TASK REQUIREMENTS -> Begin at the line below that holds "Det gamle fjøset" and end at the line that holds "Silver Plated Black", transcribing each line exactly and skipping any picture.

----- DATA FOR THIS TASK -----

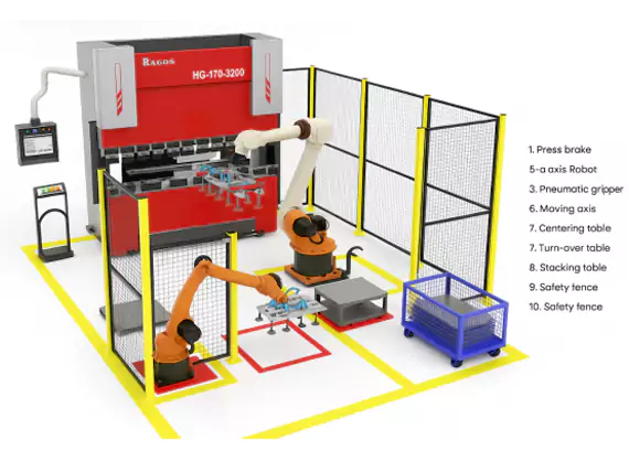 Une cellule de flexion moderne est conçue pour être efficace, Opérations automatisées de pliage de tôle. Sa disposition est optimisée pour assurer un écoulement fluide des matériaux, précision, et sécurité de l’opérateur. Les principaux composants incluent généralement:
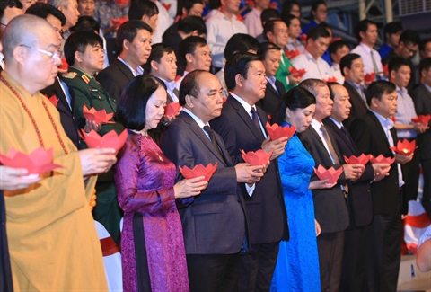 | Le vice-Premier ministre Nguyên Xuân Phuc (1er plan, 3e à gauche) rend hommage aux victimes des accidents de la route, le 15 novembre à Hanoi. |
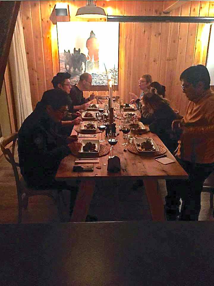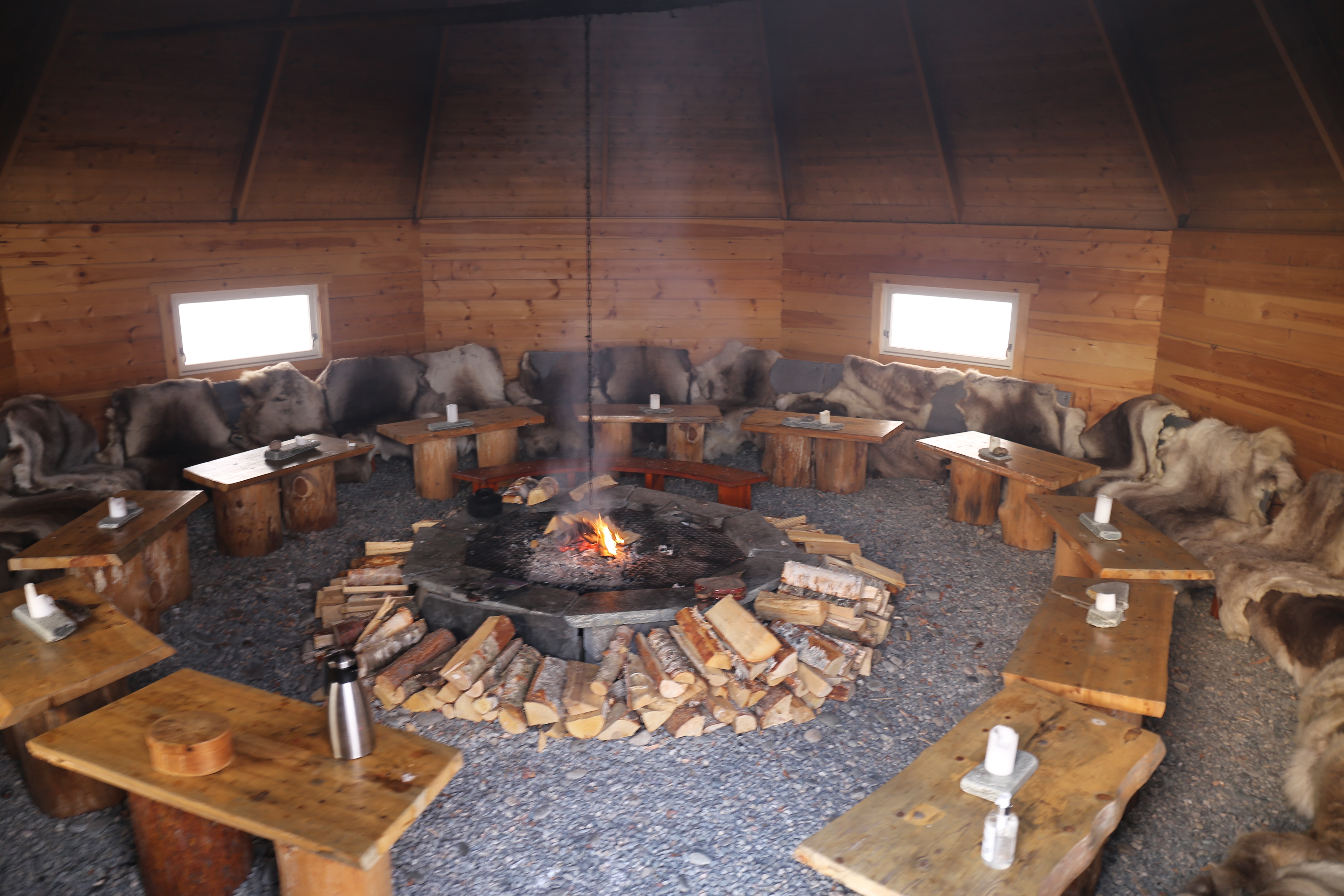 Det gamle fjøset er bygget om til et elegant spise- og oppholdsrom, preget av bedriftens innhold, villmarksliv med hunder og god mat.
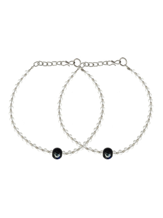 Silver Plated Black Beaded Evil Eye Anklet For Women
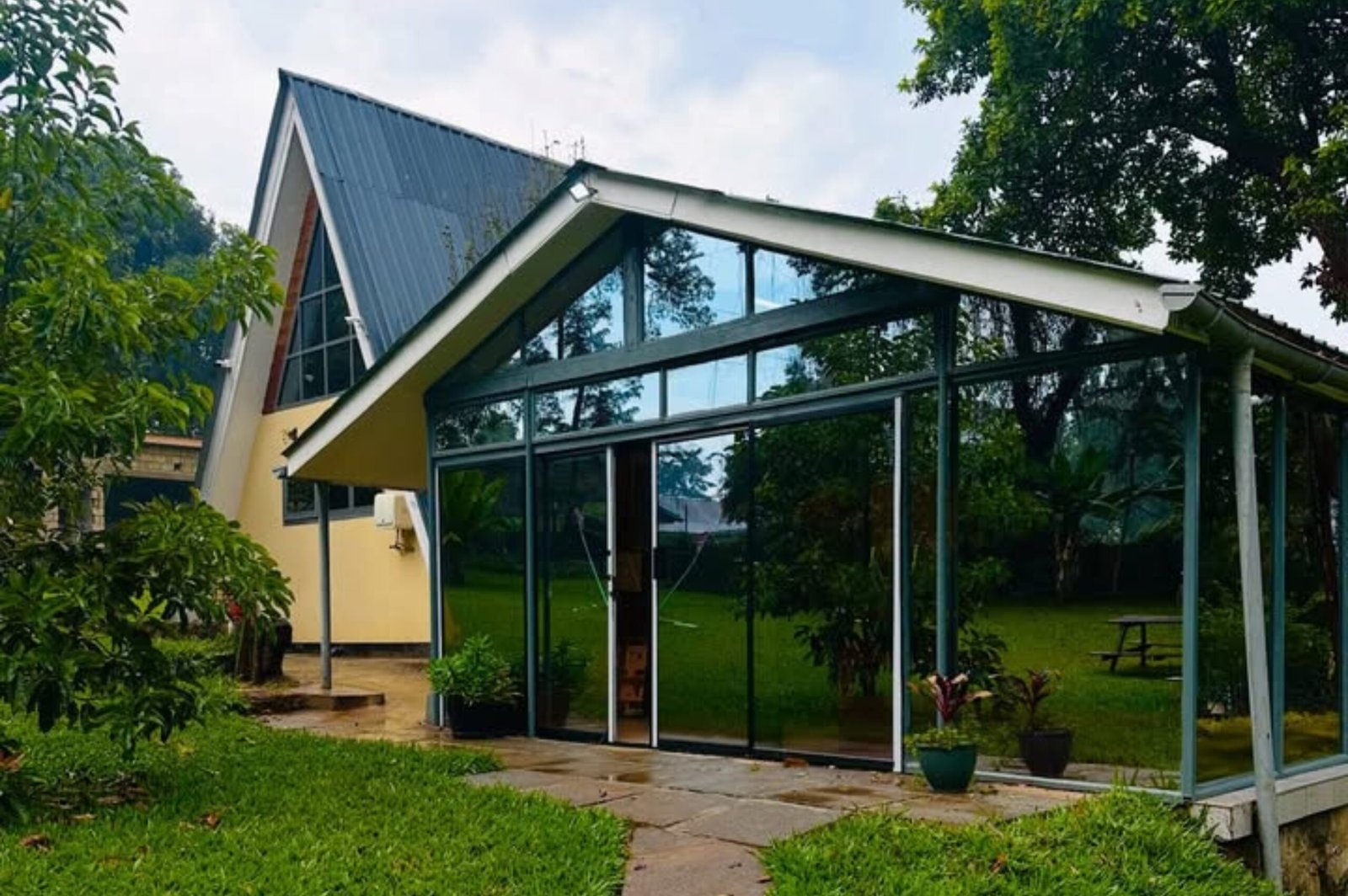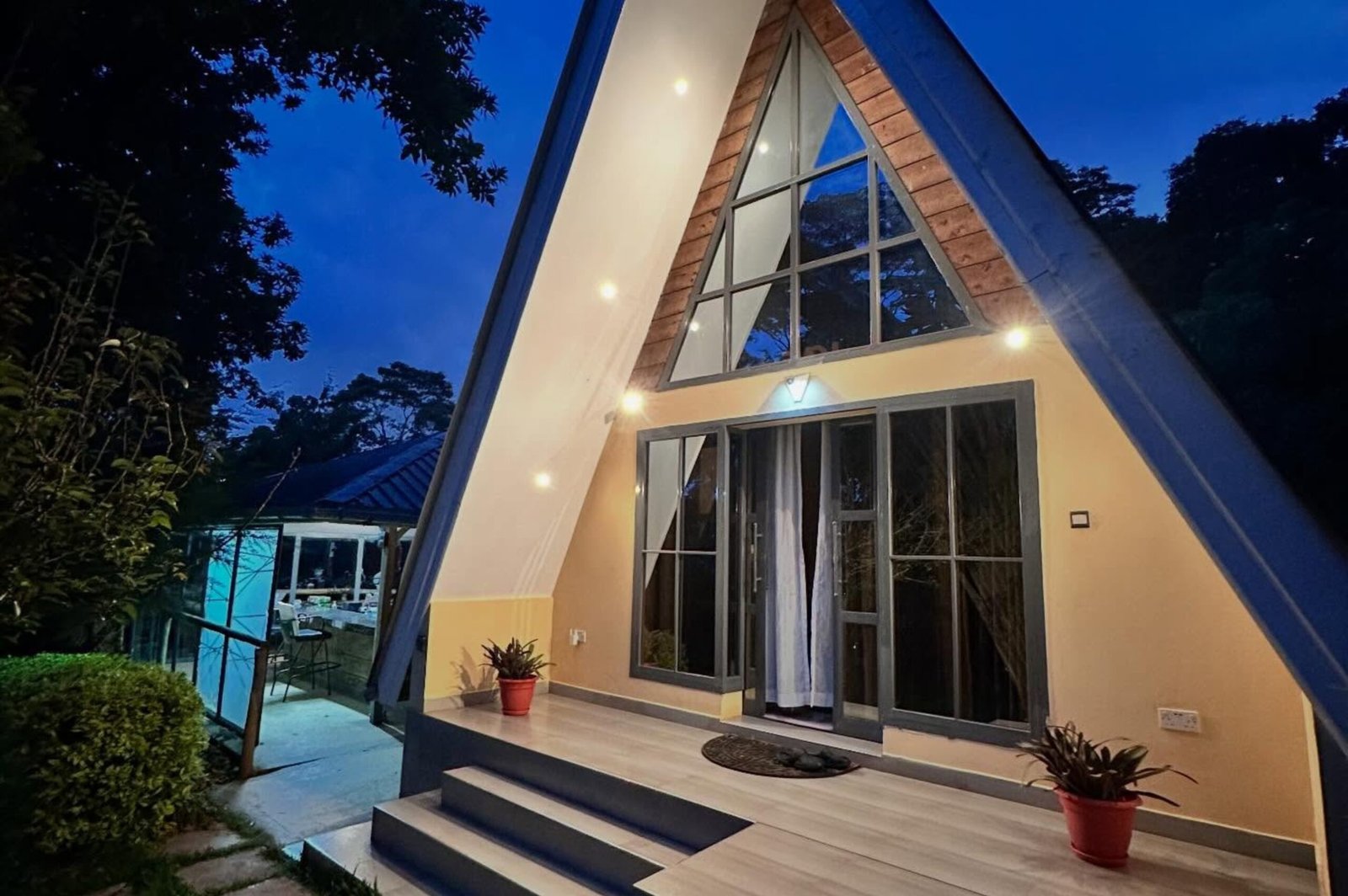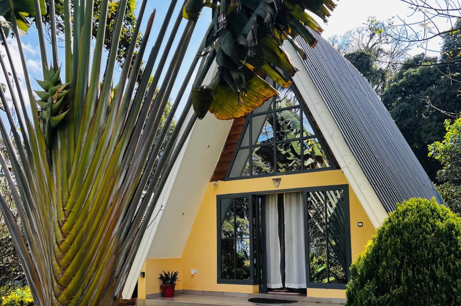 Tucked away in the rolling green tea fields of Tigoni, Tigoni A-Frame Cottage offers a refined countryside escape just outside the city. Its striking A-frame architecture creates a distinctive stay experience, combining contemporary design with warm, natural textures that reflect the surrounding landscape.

-----

REPLY TO THE TASK ->
 Det gamle fjøset er bygget om til et elegant spise- og oppholdsrom, preget av bedriftens innhold, villmarksliv med hunder og god mat.
 Silver Plated Black Beaded Evil Eye Anklet For Women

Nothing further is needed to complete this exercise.